[Data for analysis — start]
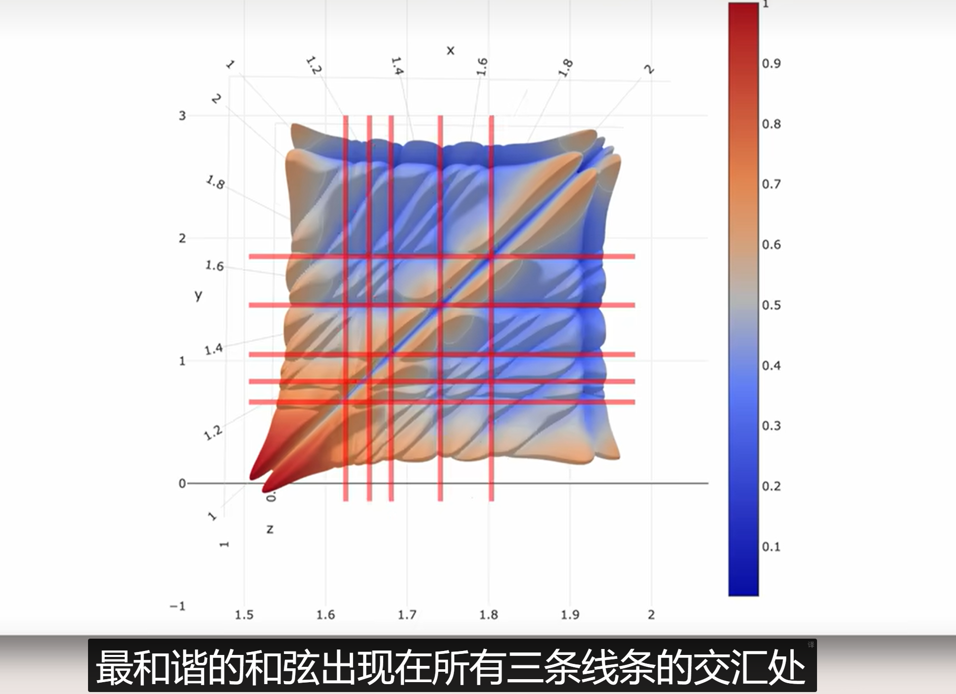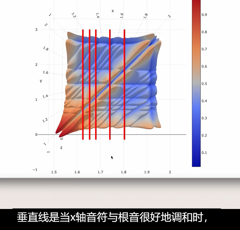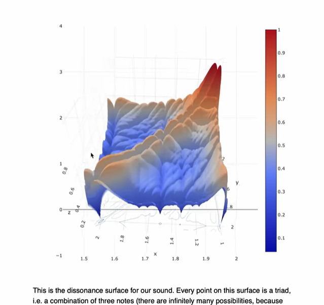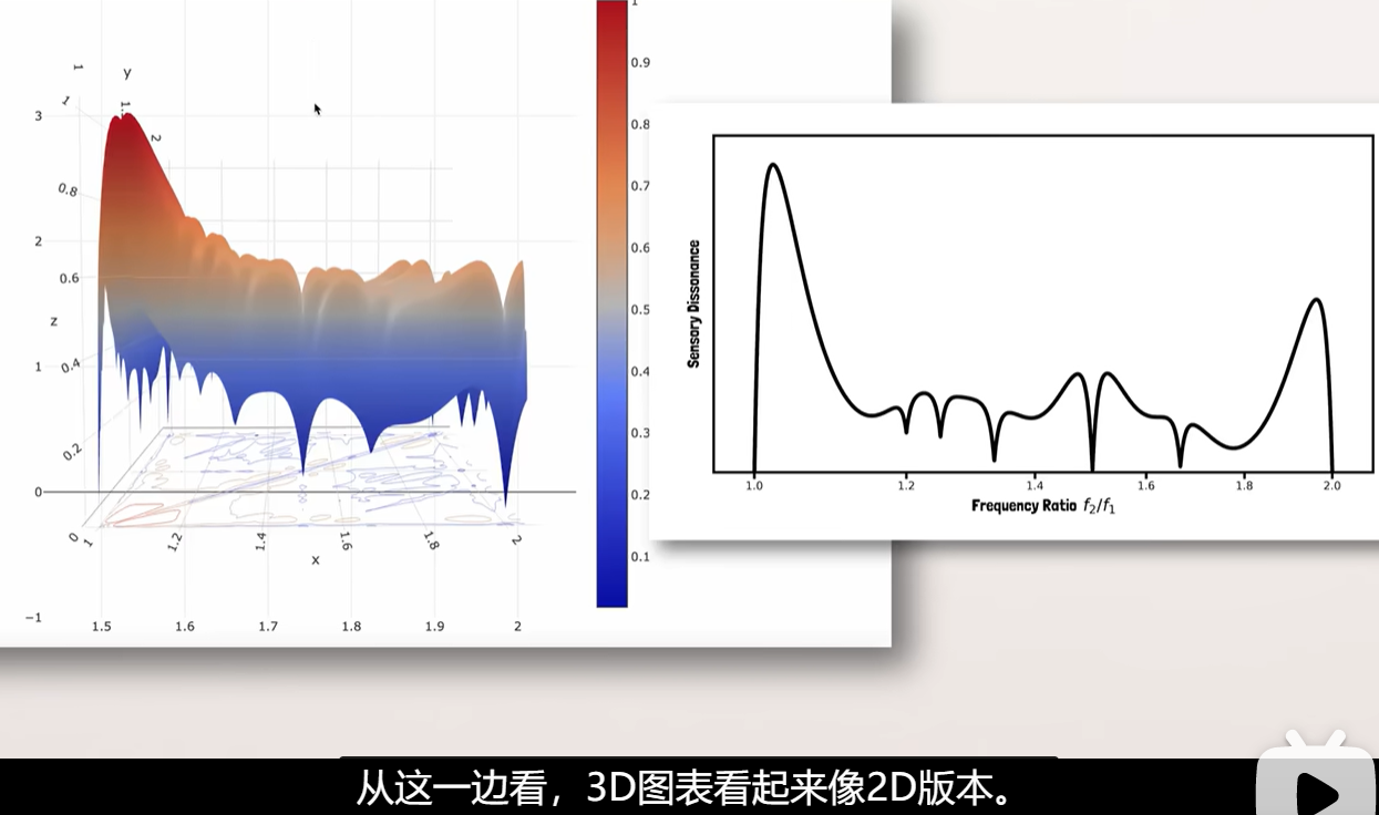- YouTube【分钟物理】和弦背后物理学 视频作者的网址 https://aatishb.com/dissonance/ 这个网址有下文三个音和弦不和谐程度图的3D建模。
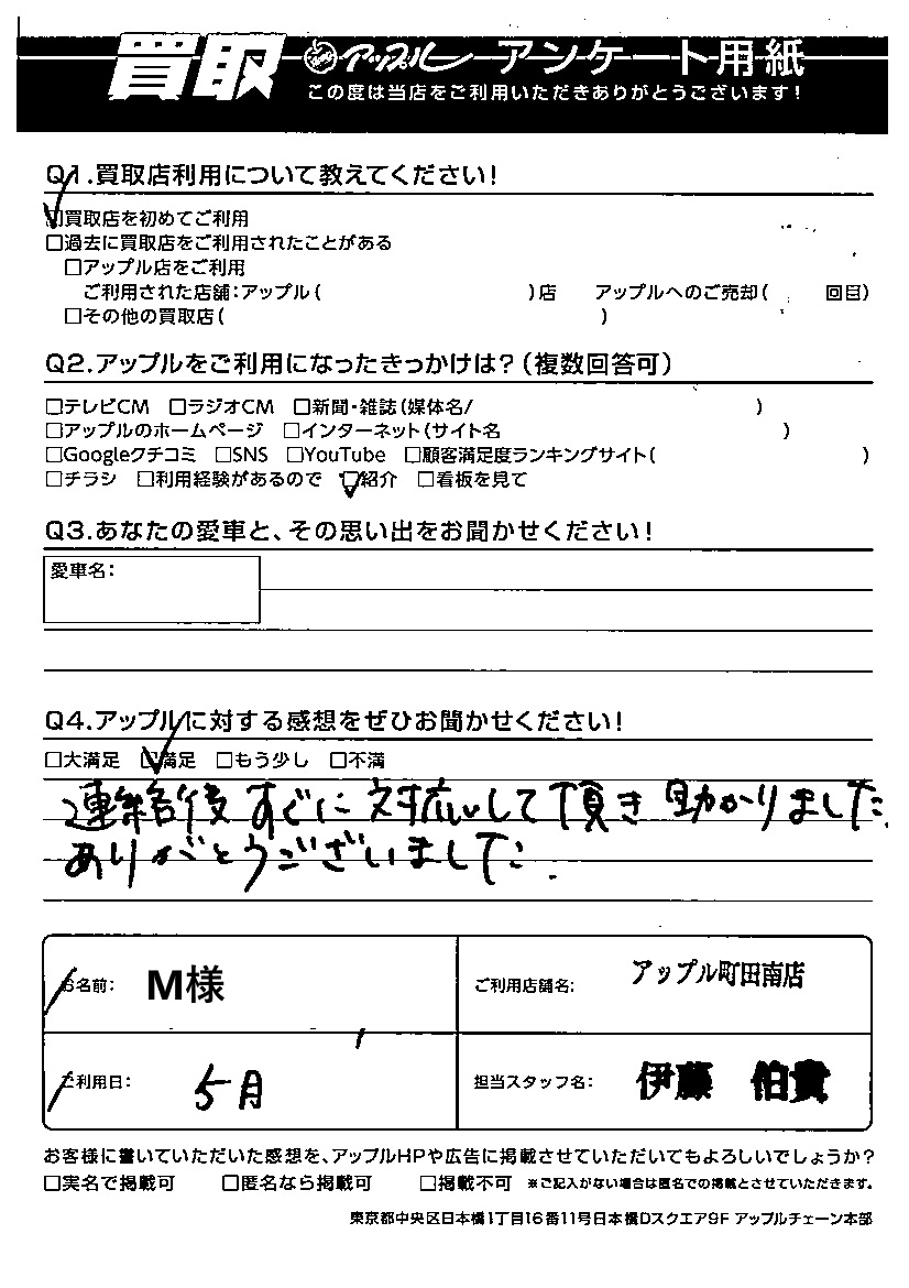 お車のご相談・ 査定だけでもOK! カンタン 入力 30秒 アップルがブランド買取始めました! お電話でも受付中! 受付時間10:00 ~19:00 042-788-4511 お車のご相談・ 査定だけでもOK! カンタン 入力 30秒 アップルがブランド買取始めました! お電話でも受付中! 受付時間10:00 ~19:00 042-788-4511 アップルがブランド買取始めました! お電話でも受付中! 受付時間10:00 ~19:00 042-788-4511 店舗情報 在庫車 スタッフ紹介 ブログ お客様の声 キャンペーン お得 無料査定 click お客様の声 ご記入日: -/-/- M様 ご利用日:2025/05 M 様 担当:伊藤Q.買取店利用について教えてください!A.買取店を初めてご利用Q.アップルをご利用になったきっかけは?A.紹介Q.アップルに対する感想をぜひお聞かせください!A.満足 連絡後すぐに対応して頂き助かりました。ありがとうございました。 前へ 次へ お客様の声一覧を見る
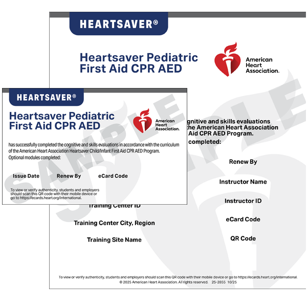 The Heartsaver® Pediatric First Aid CPR AED eCard (International) is the digital version of the Heartsaver Pediatric First Aid CPR AED printed course completion card. It is a valid, more secure, and preferred alternative to the printed card. eCards are issued by AHA Training Center Coordinators and Instructors to students who successfully complete all requirements of an AHA course. Students receive an email inviting them to claim their eCard online. Once claimed by the student, employers then can validate course training at www.heart.org/cpr/mycards. This course completion card should be issued to students who successfully complete all requirements of the Heartsaver Pediatric First Aid CPR AED course outside the U.S. This product has been updated to reflect the latest science and education from the American Heart Association 2025 Guidelines for Cardiopulmonary Resuscitation and Emergency Cardiovascular Care. This product replaces the IVE Pediatric First Aid CPR AED eCard (20-2855).
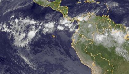 Auf dem Satellitenbild ist sehr gut der Verlauf der innertropischen Konvergenzzone im Ostpazifischen Raum zu erkennen. Über dem Ostpazifik, nördlich der Galapagosinseln sowie im südlichen Mittelamerika und im nördlichen Südamerika entwickeln sich kräftige Schauer und Gewitter, deren Zellen im Satellitenbild sichtbar werden.
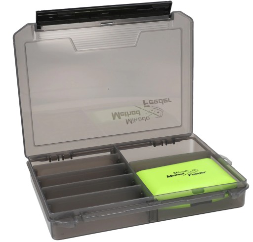 Якісна коробка з засувкою, присвячена техніці метод фідер. Призначений для розміщення годівниць, формочки та розтяжки гумки. У набір входить коробка меншого розміру для всіх дрібних аксесуарів - конекторів, стопорів або запасних гумок.
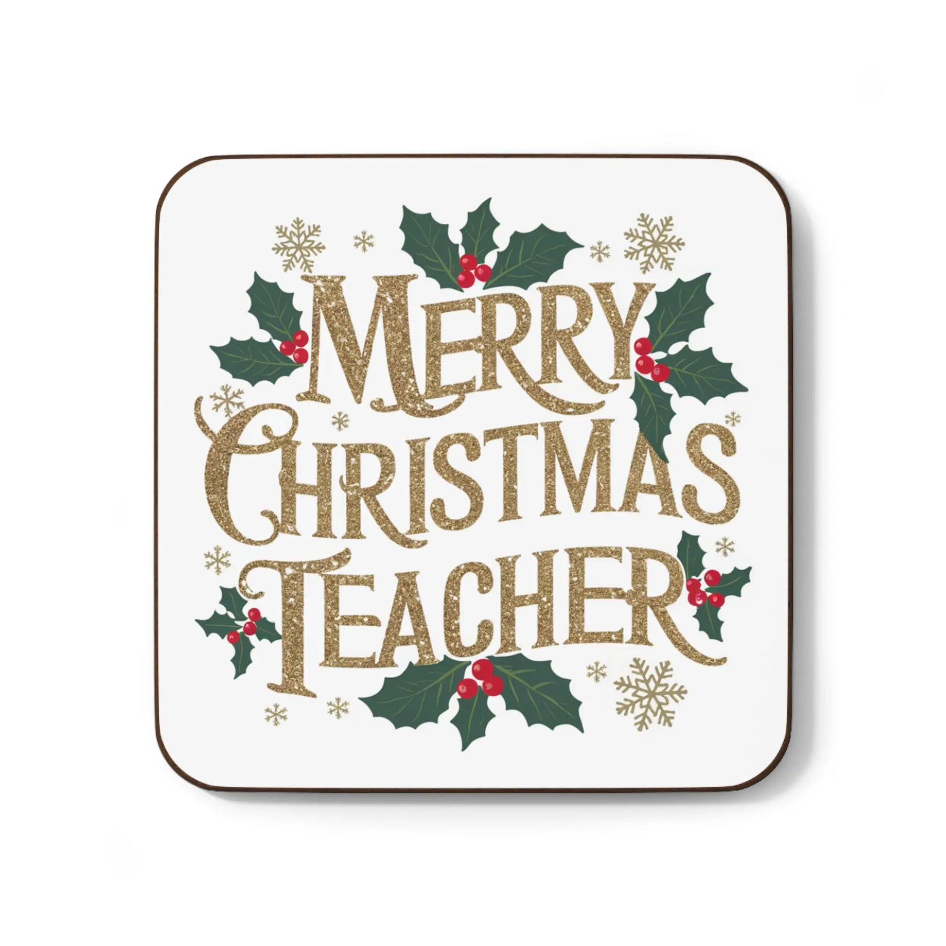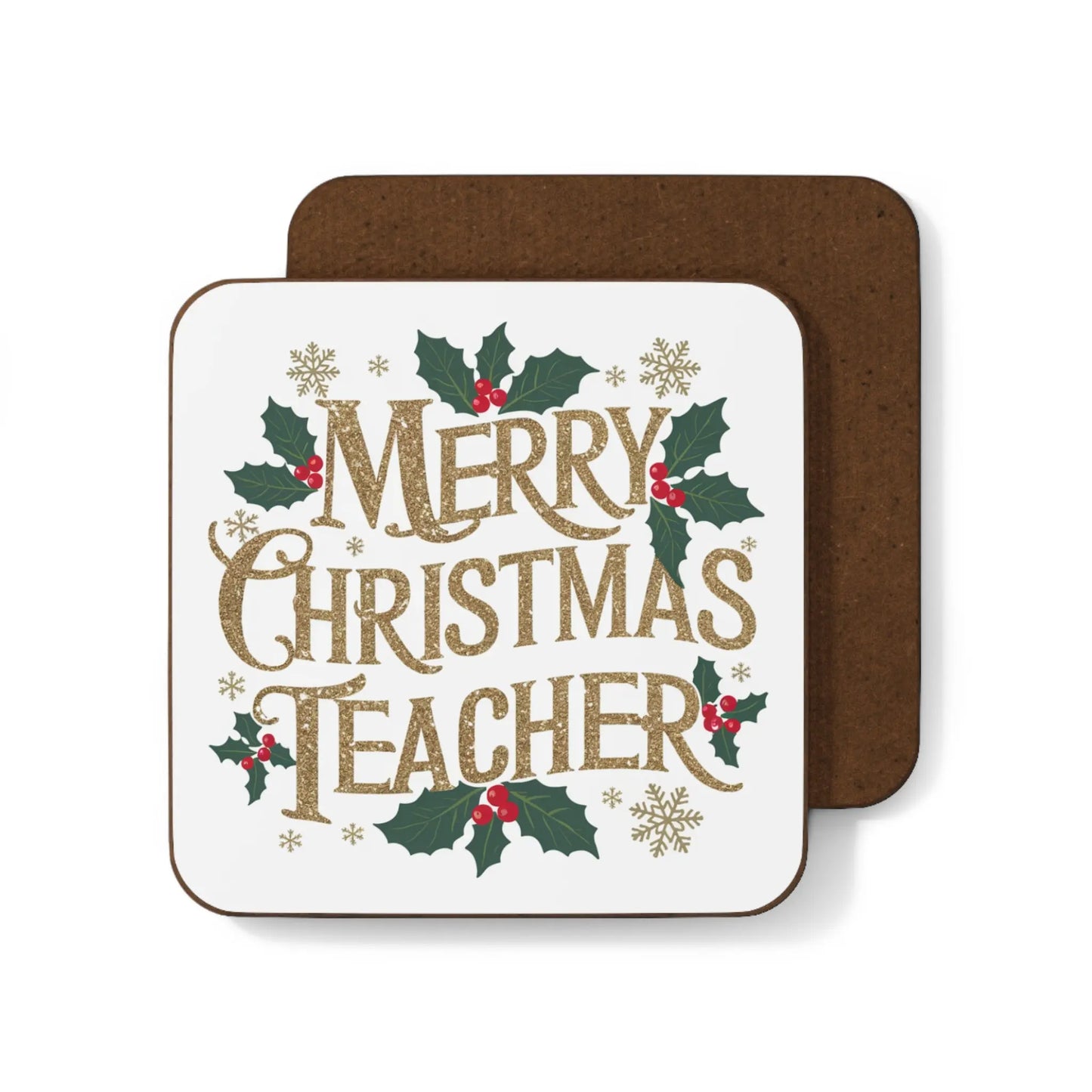 Teacher Christmas Gift, Celebrate the most wonderful time of the year with this gold and holly hardback coaster! Perfect for teachers, it's a festive addition to any desk or table. Say goodbye to pesky drink rings and hello to holiday cheer.
[Data for analysis — finish]
Reproduce each entry verbatim, excluding any embedded images.

- YouTube【分钟物理】和弦背后物理学 视频作者的网址 https://aatishb.com/dissonance/ 这个网址有下文三个音和弦不和谐程度图的3D建模。
 お車のご相談・ 査定だけでもOK! カンタン 入力 30秒 アップルがブランド買取始めました! お電話でも受付中! 受付時間10:00 ~19:00 042-788-4511 お車のご相談・ 査定だけでもOK! カンタン 入力 30秒 アップルがブランド買取始めました! お電話でも受付中! 受付時間10:00 ~19:00 042-788-4511 アップルがブランド買取始めました! お電話でも受付中! 受付時間10:00 ~19:00 042-788-4511 店舗情報 在庫車 スタッフ紹介 ブログ お客様の声 キャンペーン お得 無料査定 click お客様の声 ご記入日: -/-/- M様 ご利用日:2025/05 M 様 担当:伊藤Q.買取店利用について教えてください!A.買取店を初めてご利用Q.アップルをご利用になったきっかけは?A.紹介Q.アップルに対する感想をぜひお聞かせください!A.満足 連絡後すぐに対応して頂き助かりました。ありがとうございました。 前へ 次へ お客様の声一覧を見る
 The Heartsaver® Pediatric First Aid CPR AED eCard (International) is the digital version of the Heartsaver Pediatric First Aid CPR AED printed course completion card. It is a valid, more secure, and preferred alternative to the printed card. eCards are issued by AHA Training Center Coordinators and Instructors to students who successfully complete all requirements of an AHA course. Students receive an email inviting them to claim their eCard online. Once claimed by the student, employers then can validate course training at www.heart.org/cpr/mycards. This course completion card should be issued to students who successfully complete all requirements of the Heartsaver Pediatric First Aid CPR AED course outside the U.S. This product has been updated to reflect the latest science and education from the American Heart Association 2025 Guidelines for Cardiopulmonary Resuscitation and Emergency Cardiovascular Care. This product replaces the IVE Pediatric First Aid CPR AED eCard (20-2855).
 Auf dem Satellitenbild ist sehr gut der Verlauf der innertropischen Konvergenzzone im Ostpazifischen Raum zu erkennen. Über dem Ostpazifik, nördlich der Galapagosinseln sowie im südlichen Mittelamerika und im nördlichen Südamerika entwickeln sich kräftige Schauer und Gewitter, deren Zellen im Satellitenbild sichtbar werden.
 Якісна коробка з засувкою, присвячена техніці метод фідер. Призначений для розміщення годівниць, формочки та розтяжки гумки. У набір входить коробка меншого розміру для всіх дрібних аксесуарів - конекторів, стопорів або запасних гумок.
 Teacher Christmas Gift, Celebrate the most wonderful time of the year with this gold and holly hardback coaster! Perfect for teachers, it's a festive addition to any desk or table. Say goodbye to pesky drink rings and hello to holiday cheer.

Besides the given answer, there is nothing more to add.